Detailed Description
The technical solution of the present invention is described below with reference to the accompanying drawings and examples.
The service monitoring method and the system for the cloud service infrastructure provided by the invention adopt a large-range asynchronous dial-up test monitoring method, realize the monitoring of the cloud service infrastructure aiming at the router and the DNS recursive server providing the service, have the functions of implementing monitoring and prompting in real time, are accurate to the infrastructure, and provide effective support for the cloud service troubleshooting.
As shown in fig. 1, the invention discloses a service monitoring system facing cloud service infrastructure, which comprises dial testing servers and a control center server, wherein the dial testing servers are arranged in various regions, a cloud service dial testing module is arranged on each dial testing server, and a dial testing task issuing module, a data acquisition module, a dial testing data analysis module, a dial testing alarm module and a database are arranged on the control center server.
The control center server is a service cluster, and the modules arranged on the control center server can be realized by using a single server. Or limited to resources, in which several modules are integrated on one server.

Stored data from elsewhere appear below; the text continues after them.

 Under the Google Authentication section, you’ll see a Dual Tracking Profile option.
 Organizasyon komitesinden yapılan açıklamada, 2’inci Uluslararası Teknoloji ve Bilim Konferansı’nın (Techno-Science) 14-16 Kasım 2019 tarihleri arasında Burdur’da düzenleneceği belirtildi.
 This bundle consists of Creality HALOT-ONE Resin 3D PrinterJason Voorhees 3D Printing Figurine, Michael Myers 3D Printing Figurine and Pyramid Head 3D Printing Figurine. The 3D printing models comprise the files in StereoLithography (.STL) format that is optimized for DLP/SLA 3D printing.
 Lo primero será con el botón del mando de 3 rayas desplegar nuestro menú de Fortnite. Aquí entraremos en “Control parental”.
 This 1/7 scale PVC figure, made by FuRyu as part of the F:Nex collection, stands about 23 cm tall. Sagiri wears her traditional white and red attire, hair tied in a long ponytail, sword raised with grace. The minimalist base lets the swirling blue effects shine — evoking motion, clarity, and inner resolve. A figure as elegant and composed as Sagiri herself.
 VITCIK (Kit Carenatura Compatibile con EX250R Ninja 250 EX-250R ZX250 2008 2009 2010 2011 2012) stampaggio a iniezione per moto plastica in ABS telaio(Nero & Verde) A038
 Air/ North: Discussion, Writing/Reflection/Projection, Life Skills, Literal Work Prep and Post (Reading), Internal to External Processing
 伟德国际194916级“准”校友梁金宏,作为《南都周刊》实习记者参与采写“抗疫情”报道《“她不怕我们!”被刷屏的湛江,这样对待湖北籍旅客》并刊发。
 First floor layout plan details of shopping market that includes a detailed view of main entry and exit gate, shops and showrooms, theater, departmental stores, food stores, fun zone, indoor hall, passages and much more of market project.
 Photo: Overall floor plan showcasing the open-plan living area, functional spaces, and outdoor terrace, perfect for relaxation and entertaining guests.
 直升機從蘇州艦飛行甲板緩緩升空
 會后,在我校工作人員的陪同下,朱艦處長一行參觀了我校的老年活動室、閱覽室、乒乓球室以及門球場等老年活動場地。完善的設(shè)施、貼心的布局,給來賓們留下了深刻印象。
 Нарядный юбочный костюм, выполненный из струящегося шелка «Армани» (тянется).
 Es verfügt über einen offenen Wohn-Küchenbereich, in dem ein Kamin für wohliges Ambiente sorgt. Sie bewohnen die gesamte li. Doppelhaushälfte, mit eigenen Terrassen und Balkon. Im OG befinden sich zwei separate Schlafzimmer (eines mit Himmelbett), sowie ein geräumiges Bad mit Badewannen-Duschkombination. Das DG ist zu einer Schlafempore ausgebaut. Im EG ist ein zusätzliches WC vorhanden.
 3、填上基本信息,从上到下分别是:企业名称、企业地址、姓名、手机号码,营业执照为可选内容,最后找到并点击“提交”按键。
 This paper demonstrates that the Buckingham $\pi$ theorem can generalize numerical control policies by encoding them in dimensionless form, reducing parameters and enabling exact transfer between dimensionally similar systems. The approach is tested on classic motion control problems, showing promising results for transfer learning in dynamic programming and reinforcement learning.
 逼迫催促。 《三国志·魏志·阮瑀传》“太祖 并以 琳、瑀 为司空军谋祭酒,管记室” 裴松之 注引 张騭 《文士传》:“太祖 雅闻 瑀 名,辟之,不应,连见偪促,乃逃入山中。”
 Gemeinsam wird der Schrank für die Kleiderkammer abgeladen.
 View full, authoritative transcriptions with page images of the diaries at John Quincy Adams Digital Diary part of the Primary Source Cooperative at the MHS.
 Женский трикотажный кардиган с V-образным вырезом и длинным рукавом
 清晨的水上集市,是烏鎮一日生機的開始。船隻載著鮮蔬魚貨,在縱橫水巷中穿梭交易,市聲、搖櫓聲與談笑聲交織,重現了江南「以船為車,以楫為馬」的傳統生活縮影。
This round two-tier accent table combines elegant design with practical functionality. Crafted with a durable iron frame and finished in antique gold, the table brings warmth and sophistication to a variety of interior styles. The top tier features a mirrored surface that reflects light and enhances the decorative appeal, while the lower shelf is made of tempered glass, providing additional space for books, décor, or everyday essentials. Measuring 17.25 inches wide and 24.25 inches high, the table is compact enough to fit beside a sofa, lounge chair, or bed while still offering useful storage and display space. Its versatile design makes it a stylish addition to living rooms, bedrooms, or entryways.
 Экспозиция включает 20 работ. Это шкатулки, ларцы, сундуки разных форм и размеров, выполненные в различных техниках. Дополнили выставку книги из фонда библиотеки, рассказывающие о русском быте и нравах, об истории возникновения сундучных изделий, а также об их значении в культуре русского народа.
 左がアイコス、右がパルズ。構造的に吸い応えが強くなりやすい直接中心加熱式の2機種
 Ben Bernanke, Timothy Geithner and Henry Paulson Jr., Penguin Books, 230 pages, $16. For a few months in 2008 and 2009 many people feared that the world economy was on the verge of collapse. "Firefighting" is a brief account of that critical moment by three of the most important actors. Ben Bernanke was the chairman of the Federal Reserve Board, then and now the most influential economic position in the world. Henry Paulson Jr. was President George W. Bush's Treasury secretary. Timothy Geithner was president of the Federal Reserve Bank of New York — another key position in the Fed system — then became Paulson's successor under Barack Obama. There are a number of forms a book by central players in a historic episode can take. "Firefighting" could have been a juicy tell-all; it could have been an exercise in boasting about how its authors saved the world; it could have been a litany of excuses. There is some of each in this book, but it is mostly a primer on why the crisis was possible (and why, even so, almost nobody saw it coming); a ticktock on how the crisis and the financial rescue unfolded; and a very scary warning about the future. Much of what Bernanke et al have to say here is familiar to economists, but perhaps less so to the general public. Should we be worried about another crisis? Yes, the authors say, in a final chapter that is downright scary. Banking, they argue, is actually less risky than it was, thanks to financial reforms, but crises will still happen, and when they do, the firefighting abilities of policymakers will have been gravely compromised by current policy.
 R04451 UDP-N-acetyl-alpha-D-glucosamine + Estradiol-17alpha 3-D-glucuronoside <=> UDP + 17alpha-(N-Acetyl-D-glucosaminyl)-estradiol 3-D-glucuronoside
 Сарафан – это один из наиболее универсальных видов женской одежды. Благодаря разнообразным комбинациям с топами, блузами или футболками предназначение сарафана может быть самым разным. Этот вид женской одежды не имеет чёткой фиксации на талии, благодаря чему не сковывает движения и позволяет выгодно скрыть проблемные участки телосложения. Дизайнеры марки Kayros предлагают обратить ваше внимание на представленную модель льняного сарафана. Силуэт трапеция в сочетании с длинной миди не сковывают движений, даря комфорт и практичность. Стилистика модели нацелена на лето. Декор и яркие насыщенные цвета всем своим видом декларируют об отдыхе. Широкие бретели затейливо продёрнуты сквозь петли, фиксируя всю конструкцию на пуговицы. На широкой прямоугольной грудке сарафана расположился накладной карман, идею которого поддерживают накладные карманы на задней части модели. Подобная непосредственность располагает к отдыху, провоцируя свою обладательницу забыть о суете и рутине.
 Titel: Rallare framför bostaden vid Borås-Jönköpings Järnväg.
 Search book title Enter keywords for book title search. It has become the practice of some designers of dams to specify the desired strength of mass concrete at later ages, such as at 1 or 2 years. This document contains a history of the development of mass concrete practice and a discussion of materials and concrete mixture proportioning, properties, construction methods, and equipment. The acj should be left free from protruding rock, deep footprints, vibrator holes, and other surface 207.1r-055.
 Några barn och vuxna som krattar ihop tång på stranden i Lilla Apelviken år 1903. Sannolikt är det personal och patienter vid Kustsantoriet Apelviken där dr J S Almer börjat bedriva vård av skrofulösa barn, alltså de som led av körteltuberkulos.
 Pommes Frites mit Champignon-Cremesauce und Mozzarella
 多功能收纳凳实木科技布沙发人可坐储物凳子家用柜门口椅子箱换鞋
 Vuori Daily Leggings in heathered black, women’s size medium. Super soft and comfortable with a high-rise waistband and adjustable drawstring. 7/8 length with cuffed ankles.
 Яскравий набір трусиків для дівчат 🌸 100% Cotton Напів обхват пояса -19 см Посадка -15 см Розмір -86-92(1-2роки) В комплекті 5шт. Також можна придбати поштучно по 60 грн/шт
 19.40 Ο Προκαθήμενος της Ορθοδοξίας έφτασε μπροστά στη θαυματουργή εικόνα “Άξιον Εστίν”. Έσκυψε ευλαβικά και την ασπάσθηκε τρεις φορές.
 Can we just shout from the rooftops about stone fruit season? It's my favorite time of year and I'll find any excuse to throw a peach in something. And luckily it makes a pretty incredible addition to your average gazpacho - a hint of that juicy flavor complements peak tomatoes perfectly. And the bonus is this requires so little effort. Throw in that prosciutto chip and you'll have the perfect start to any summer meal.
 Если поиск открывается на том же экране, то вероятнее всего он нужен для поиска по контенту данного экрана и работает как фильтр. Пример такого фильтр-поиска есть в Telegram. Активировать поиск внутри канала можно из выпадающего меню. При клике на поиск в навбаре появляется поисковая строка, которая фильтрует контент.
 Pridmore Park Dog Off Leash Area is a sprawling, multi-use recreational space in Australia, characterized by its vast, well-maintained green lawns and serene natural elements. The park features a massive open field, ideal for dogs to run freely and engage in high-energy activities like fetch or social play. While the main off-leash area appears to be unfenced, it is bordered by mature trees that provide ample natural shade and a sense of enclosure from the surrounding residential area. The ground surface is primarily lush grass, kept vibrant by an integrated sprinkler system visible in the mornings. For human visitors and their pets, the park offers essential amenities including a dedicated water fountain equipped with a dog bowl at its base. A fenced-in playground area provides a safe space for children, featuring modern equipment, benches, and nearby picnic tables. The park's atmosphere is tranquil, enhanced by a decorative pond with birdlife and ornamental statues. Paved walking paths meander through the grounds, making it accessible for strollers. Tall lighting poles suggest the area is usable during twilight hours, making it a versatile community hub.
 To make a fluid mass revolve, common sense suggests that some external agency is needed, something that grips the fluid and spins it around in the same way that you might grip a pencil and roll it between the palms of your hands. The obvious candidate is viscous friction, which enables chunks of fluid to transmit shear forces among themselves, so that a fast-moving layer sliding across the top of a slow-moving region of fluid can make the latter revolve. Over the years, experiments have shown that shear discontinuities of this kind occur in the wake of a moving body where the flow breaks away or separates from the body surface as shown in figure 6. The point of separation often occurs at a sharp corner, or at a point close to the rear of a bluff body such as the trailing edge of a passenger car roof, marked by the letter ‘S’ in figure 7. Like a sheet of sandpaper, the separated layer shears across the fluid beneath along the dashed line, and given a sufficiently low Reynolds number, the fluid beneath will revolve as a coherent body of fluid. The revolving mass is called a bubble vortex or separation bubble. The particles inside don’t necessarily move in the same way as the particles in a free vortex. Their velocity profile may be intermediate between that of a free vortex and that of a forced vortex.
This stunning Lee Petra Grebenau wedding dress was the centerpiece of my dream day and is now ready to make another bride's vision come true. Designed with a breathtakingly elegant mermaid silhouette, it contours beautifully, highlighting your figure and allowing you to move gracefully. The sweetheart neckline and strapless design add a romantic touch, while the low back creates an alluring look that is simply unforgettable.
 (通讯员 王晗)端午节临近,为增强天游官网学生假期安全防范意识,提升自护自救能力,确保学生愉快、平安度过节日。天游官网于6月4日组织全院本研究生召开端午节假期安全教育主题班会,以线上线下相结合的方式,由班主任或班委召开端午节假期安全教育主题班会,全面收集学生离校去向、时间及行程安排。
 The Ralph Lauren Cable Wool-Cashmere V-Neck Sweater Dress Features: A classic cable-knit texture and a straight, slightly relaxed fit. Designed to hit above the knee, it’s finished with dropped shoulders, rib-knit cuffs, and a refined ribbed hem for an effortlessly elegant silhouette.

And the user configures the detection task through the dial testing task issuing module and issues the configuration file to the corresponding dial testing server. In the dial testing task issuing module, a user configures an issuing task through a WEB interface, configures a plurality of source IPs (different provinces), multi-local point destination IPs and dial testing tasks of a plurality of protocols (TCP, UDP and HTTP), and issues different tasks to corresponding dial testing servers so as to be used for dial testing by the dial testing servers. The dial testing task issuing module provides an IP verification function, verifies a target IP and does not issue a non-conforming IP task.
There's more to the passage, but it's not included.